Glimpse history through old images of Harrow, in Greater London.
Harrow is famous for its boy’s school, which started as a free grammar school and developed into one of Britain’s elite boarding schools, educating a range of luminaries including Lord Byron, Sir Robert Peel, the playwright Sheridan, and Dr. Parr.
But this page is about the community of Harrow-on-the-Hill, which was massively expanded into a huge town on the outskirts of London in the early twentieth century thanks to the railway system.
This silent film footage records the large number of people and children involved with the carnival procession, and sometimes captures the background homes and businesses too.
Pageantry At Harrow (1935) – British Pathé on YouTube
Early History of Harrow
767 AD – Saxon Charter of Offa, King of Mercia, grants 16,000 acres of land between Gumeninga hergae, (Gumern’s such) and Lidding Brook to Stidberht, Bishop of St Albans.
Cenwulf, successor to Offa, reclaimed the land. After his death it passed to his son Kenelm, then to Kenelm’s murderer and half-sister Cwoenthryth.
825 AD – Cwoenthryth is forced to hand the lands back to the church by the Council of Colvesho.
1086 AD – the Domesday Book, collecting tax records for William the Conqueror, tell us the manor of Harrow was held by Earl Leofwin, and then by Bishop Lanfrane . There was land enough for seventy ploughs, pasture for cattle, and the right to pannage for two thousand hogs.
The right to pannage meant local people, usually tenants, could bring their pigs into the landlord’s woods in the autumn time, to rootle for fallen acorns on the ground. It fattened up the animals ready for the late autumn slaughter, in preparation for winter.
1087 – The church of St Mary was built under instruction from Bishop Lanfrane.
You can still see some of the original parts of the building, especially round the western doorway, and the lower part of the tower.
The Saxon words hergae, hearge, herge, and herige seem to have been associated with places of pagan worship and then Christian churches, and Harrow may have derived from those Saxon terms.
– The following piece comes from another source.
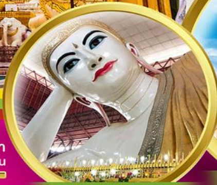
พระนอนตาหวาน

So Harrow on the Hill meant Church on the Hill.
1087 AD – The successor to Bishop Lanfranc, Anselm, consecrates the church of St Mary.
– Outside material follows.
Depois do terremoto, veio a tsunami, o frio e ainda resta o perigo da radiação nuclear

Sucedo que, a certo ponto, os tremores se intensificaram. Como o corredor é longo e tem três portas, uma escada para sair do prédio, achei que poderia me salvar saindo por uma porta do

1170 AD – Thomas Becket visits St Mary’s church. A few days later, he is assassinated in Canterbury Cathedral, a scandal still remembered today.
12-14th Centuries – St Mary’s church is extended, and the Purbeck Marble font is installed.
1370 AD – A memorial is installed at St Mary’s commemorating Edmund Flambard, who had been Lord of the Manor of Harrow.
15th Century – St Mary’s church is substantially rebuilt.
Felix Summerly, writing in 1846, tells us that King Henry VIII (1509-1547), gave Harrow and other nearby manors to Sir Edward North. He later became Lord North, but fell out of favour with the temperamental monarch, and was then accused of cheating the King out of the “certain lands in Middlesex”.
Later, King Charles II (1649-1651) said “The only visible church I know of, is to be found at Harrow.”
1572 – Harrow School is built as a free grammar school under the patronage of John Lyon, who also did other great works, such as maintaining highways and paying bursaries to poor university scholars.
1807 – Lord Byron wrote “Lines written beneath an elm in the churchyard of Harrow” in St Mary’s churchyard.
1822 – Allegra, illegitimate daughter of Lord Byron and Claire Clairmont died in Bagnacavallo on 19th April, but was buried in the graveyard of the church of St Mary, Harrow.
1847 – St Mary’s church is restored by George Gilbert Scott.